Task instructions: Restate the lines of the material below word for word, from the first through the one containing "Bracciale donna boccadamo, XB1039DV, collezione", and include nothing else; pictures stay out.

Input data:
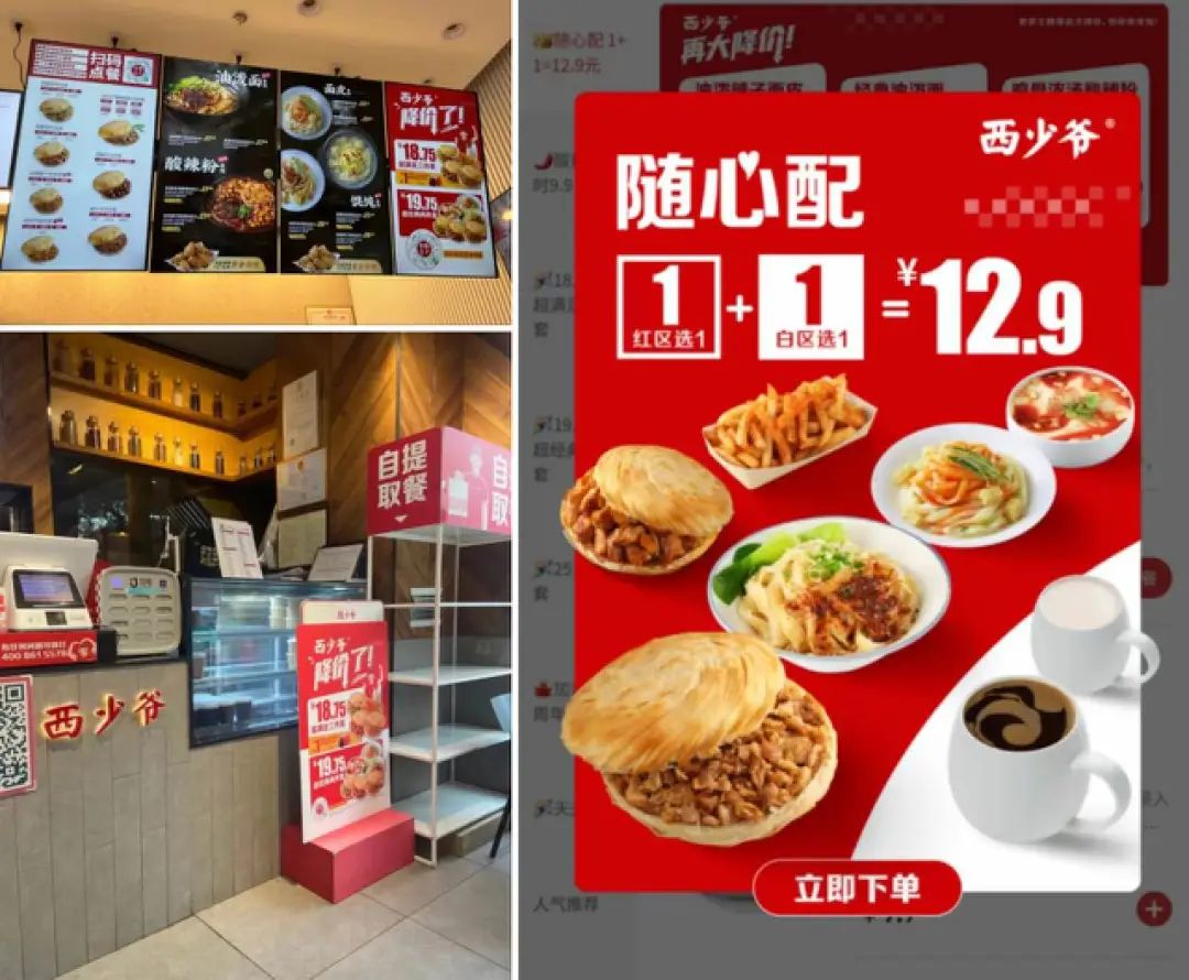 进入6月,西少爷北京、上海区域门店的「鸡骨浓汤酸辣粉」限时回归9.9元,降价超过15元。而就在今天(14日),西少爷还正式复制了“西式大佬们”的玩法,推出「1+1随心配」模式,红区白区各选一,定价12.9元。
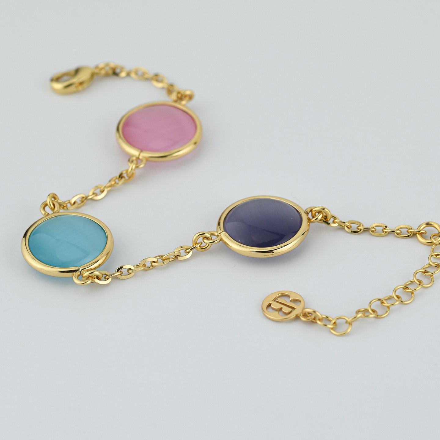 Bracciale donna boccadamo, XB1039DV, collezione crisette, in bronzo placcato oro giallo con cristalli rosa chiaro, celeste e viola scuro. Misura: lunghezza cm 16, 5 estendibile fino a cm 20 Dimensione: cristalli cm 1, 5
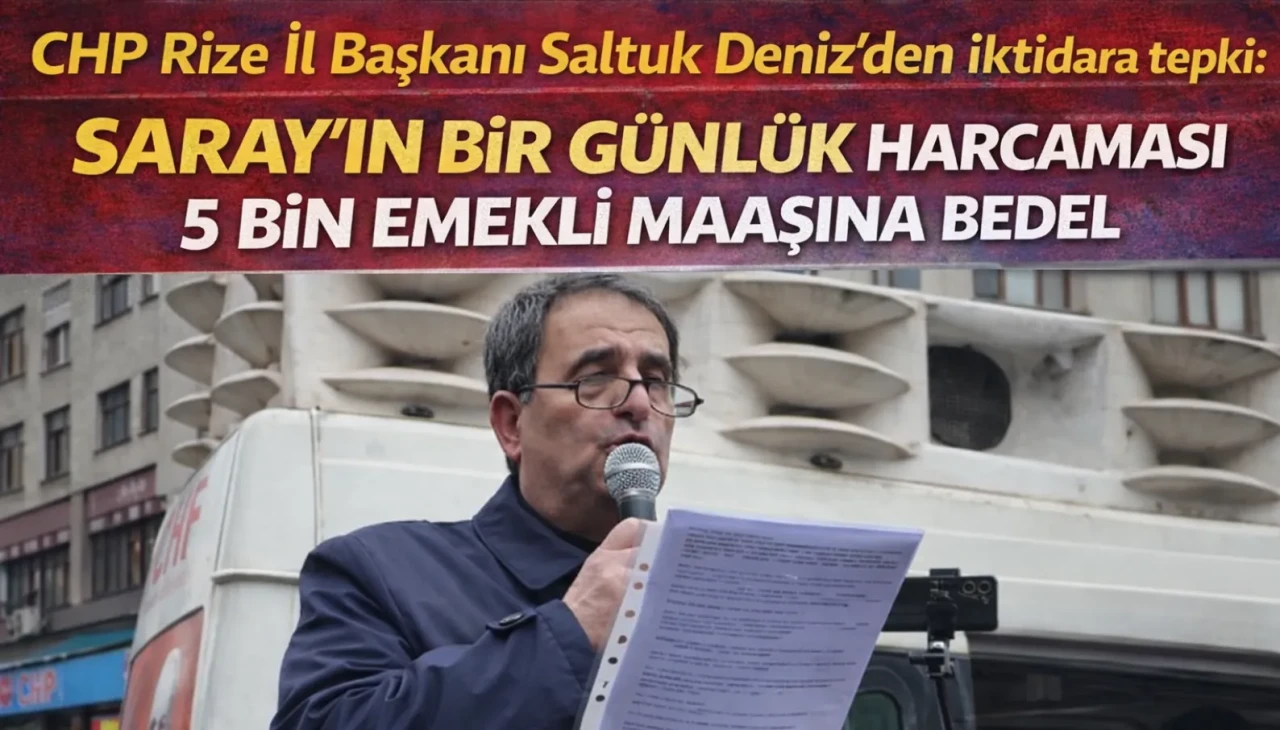 CHP Rize İl Başkanı Saltuk Deniz, basın açıklamasında ekonomi politikalarını ve bütçe tercihlerini hedef aldı. "Sadaka değil hakkımızı istiyoruz" diyen Deniz, Saray'ın günlük harcaması ile binlerce emekli ve asgari ücretlinin geçinebileceğine dikkat çekti.

Expected answer:
 进入6月,西少爷北京、上海区域门店的「鸡骨浓汤酸辣粉」限时回归9.9元,降价超过15元。而就在今天(14日),西少爷还正式复制了“西式大佬们”的玩法,推出「1+1随心配」模式,红区白区各选一,定价12.9元。
 Bracciale donna boccadamo, XB1039DV, collezione crisette, in bronzo placcato oro giallo con cristalli rosa chiaro, celeste e viola scuro. Misura: lunghezza cm 16, 5 estendibile fino a cm 20 Dimensione: cristalli cm 1, 5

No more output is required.